She is the widow of Howard Finn, an East Valley councilman who died in 1986 after collapsing from a heart attack at City Hall. About two-thirds of the existing 7th District includes areas once represented by the late councilman.

However, the 7th District is much more racially diverse than the district Howard Finn represented, and in recent years East Valley Latinos have worked toward eventually electing one of their own to Bernardi’s seat.

Asked what her message to the district’s growing population of Latino voters would be, Finn told reporters: “I’d say I’m a member of the human race. I guess you’d say I’m colorblind.”

Despite a 70% Latino population in the district, Finn political consultant Rick Taylor predicted Thursday that only 25% of the voters in the 7th District primary April 20 will be Latino, while 48% of the voters will be senior citizens.

Taylor said the top two vote-getters could both be non-Latinos.

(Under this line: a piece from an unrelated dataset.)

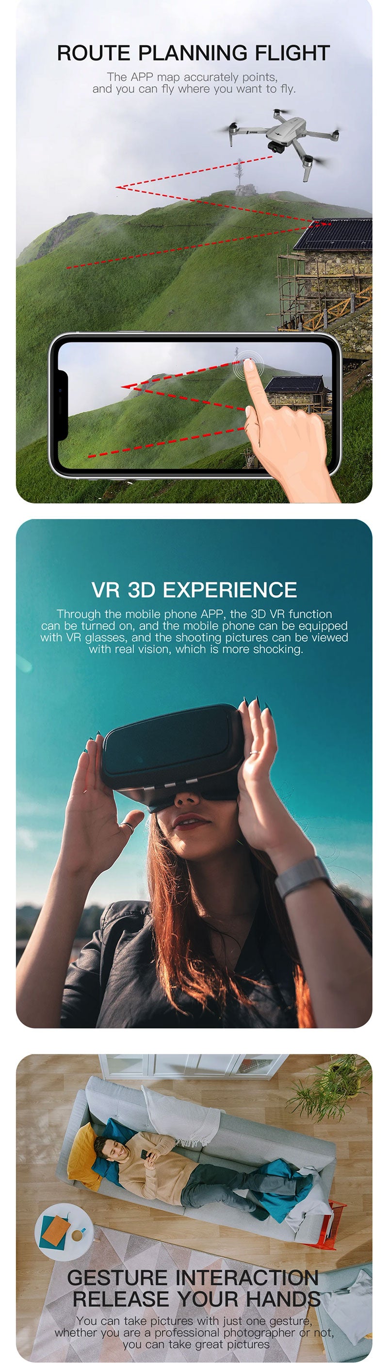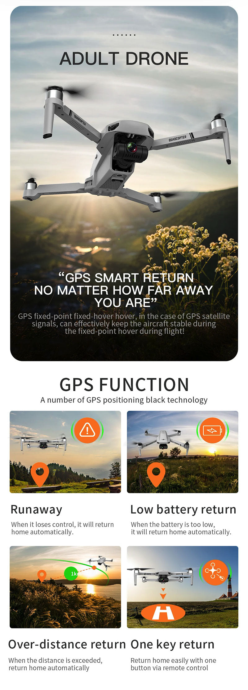 3.  KF102 GPS Smart following: After the plane left the GPS, it will open the APP following function, and the plane will follow the mobile phone. In addition, Image Following: Detect the shooting object and follow the flight automatically.

Answering reporters’ questions, Finn refused to say whether she would oppose any bid to extend the life of the city-owned Lopez Canyon Landfill in Lake View Terrace beyond 1996, when its current permit expires. But she did call it a tragedy that the East Valley has so many landfills.

“I probably would oppose it, but I still need more facts,” she said.

On another issue, Finn said she supports an April ballot measure to raise property taxes to hire 1,000 additional police. “It would probably cost only 50 cents per week for a household,” Finn said. But she added that she “would not tell others how to vote” on the issue.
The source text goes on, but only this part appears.